* [Your objective]: Exactly retype the lines from the top of the data through the line containing "انجمن علمی مهندسی", leaving out every picture.

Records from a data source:

· · · · · · ·

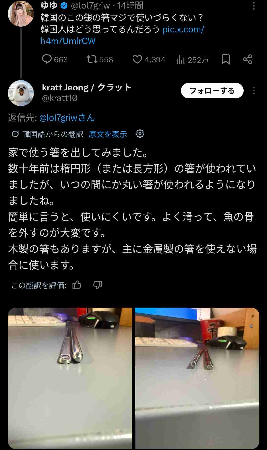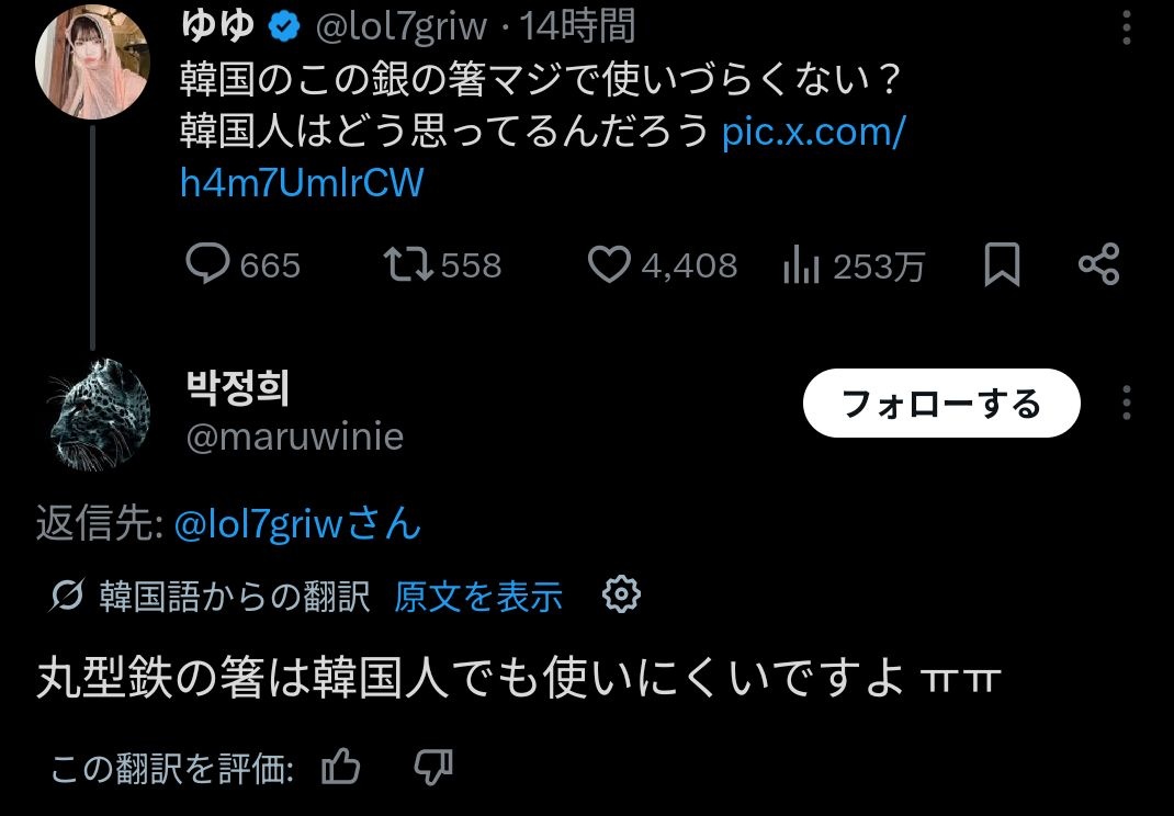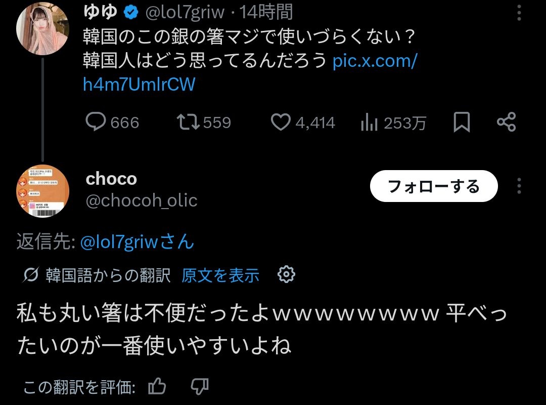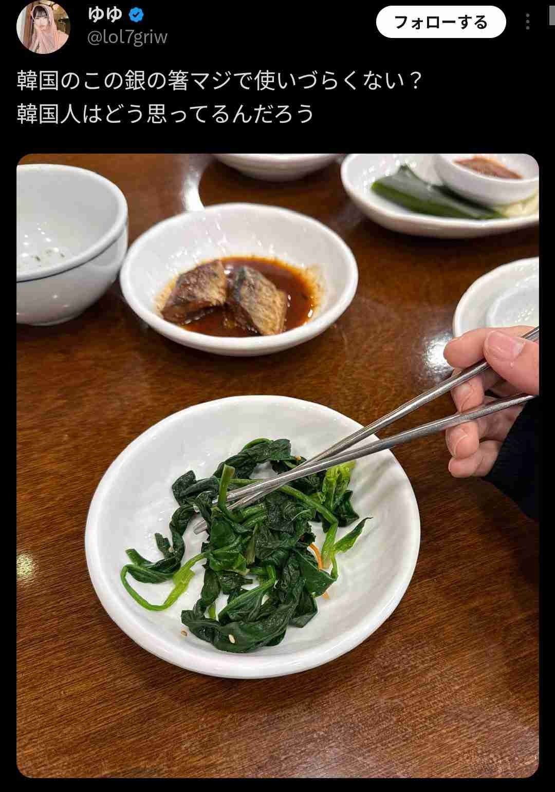 日本女さん「韓国の銀の箸使いづらくない?😅」韓国人さん「…😡」
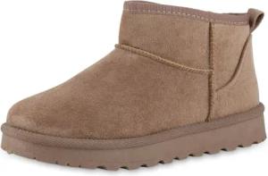 Damen Warm Gefütterte Winter Boots Flache Freizeit Stiefeletten Bequeme Profilsohle Schuhe Schlupfschuhe 210961 Taupe 37
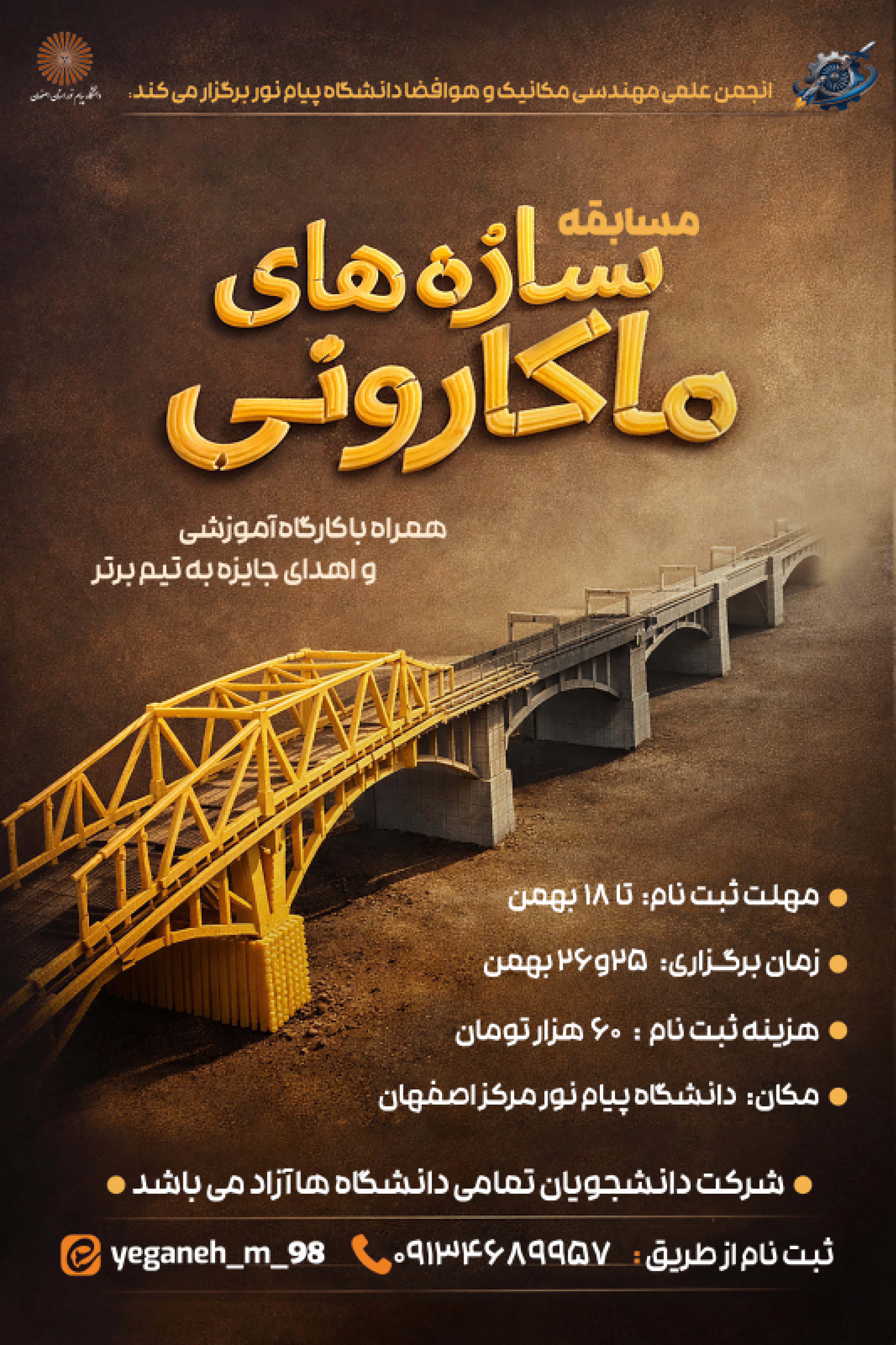 انجمن علمی مهندسی مکانیک و هوافضای دانشگاه پیام نور استان اصفهان، در راستای تقویت خلاقیت و مهارتهای مهندسی دانشجویان، مسابقه جذاب «سازههای ماکارونی» را برگزار میکند.
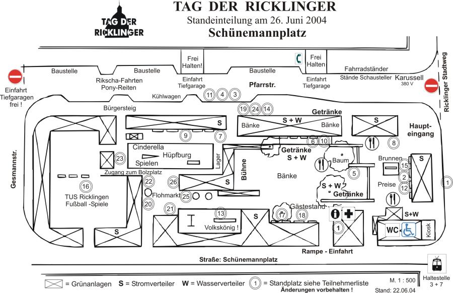 Der Tag der Ricklinger findet am 26. Juni 2004 nunmehr zum 10. Male statt. Die Organisation für dieses beliebte Stadtteilfest hat die Arbeitsgemeinschaft Ricklinger Vereine von 1957 e.V. übernommen. Karl-Heinz Böker, Vorsitzender der ARV: "Die Bürgerinitiative Schünemannplatz hat die ARV gebeten, die Trägerschaft für dieses Fest zu übernehmen, weil die Bürgerinitative ihren Zweck mit der Neugestaltung des Schünemannplatzes im Jahre 2003 als erfüllt ansieht. Wir vom Vorstand der ARV haben spontan und einstimmig die Übernahme der Trägerschaft beschlossen. Wir werden zunächst das Konzept der vergangenen Jahre übernehmen, sind aber für neue Ideen oder Anregungen aus unseren Mitgliedsvereinen dankbar."
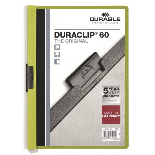 - skoroszyty A4 umożliwiające przechowywanie dokumentów bez potrzeby dziurkowania - zacisk wykonany ze specjalnej elastycznej stali - posiadają 5-letnią gwarancję na siłę docisku - przezroczysta okładka - pojemność: Duraclip 60 - 60 kartek
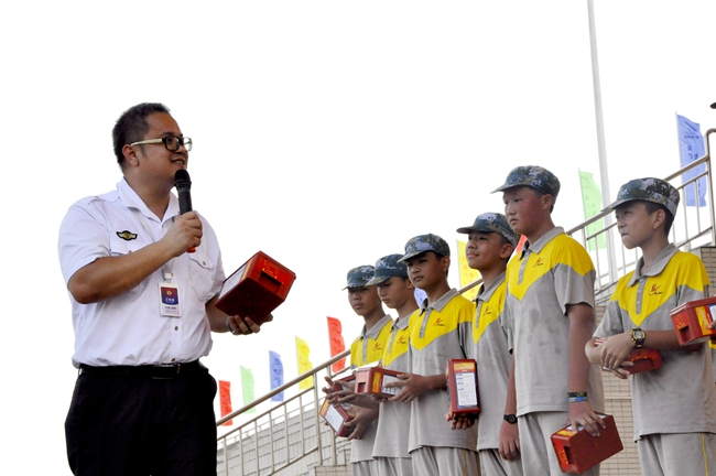 由广州市公安消防支队指派的第三方(消安防火中心)具有多年消防从业经验的专家级导师,为学生现场讲解火场逃生疏散的各项原理,提醒学生注意安全避险的步骤细节,要求学生严格按照现场人员的指引安排有序逃生。
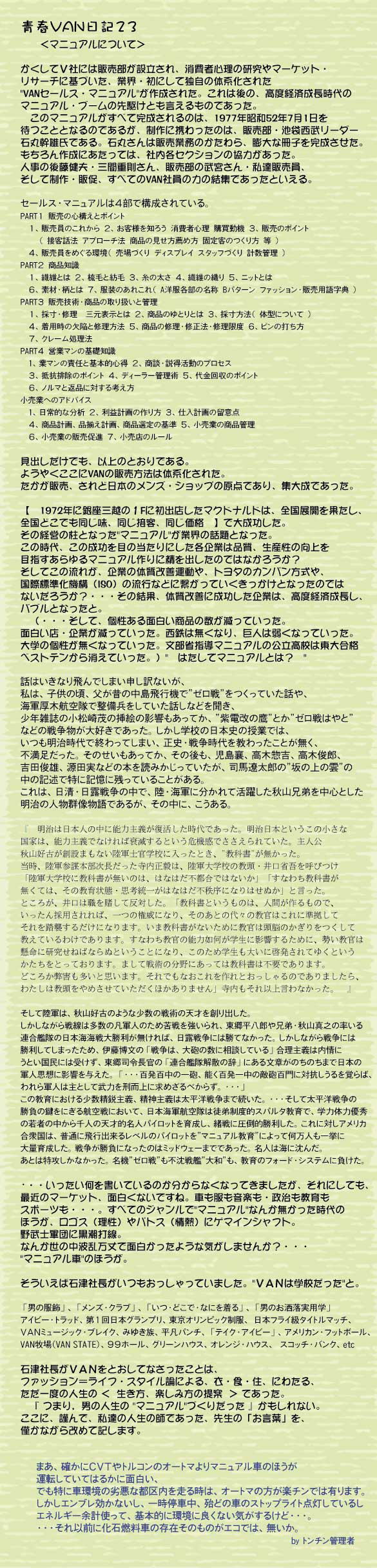“VAN SITE”SEISHUN VAN NIKKI 23

· · · · · · ·

* [Output of the exercise]:
 日本女さん「韓国の銀の箸使いづらくない?😅」韓国人さん「…😡」
 Damen Warm Gefütterte Winter Boots Flache Freizeit Stiefeletten Bequeme Profilsohle Schuhe Schlupfschuhe 210961 Taupe 37
 انجمن علمی مهندسی مکانیک و هوافضای دانشگاه پیام نور استان اصفهان، در راستای تقویت خلاقیت و مهارتهای مهندسی دانشجویان، مسابقه جذاب «سازههای ماکارونی» را برگزار میکند.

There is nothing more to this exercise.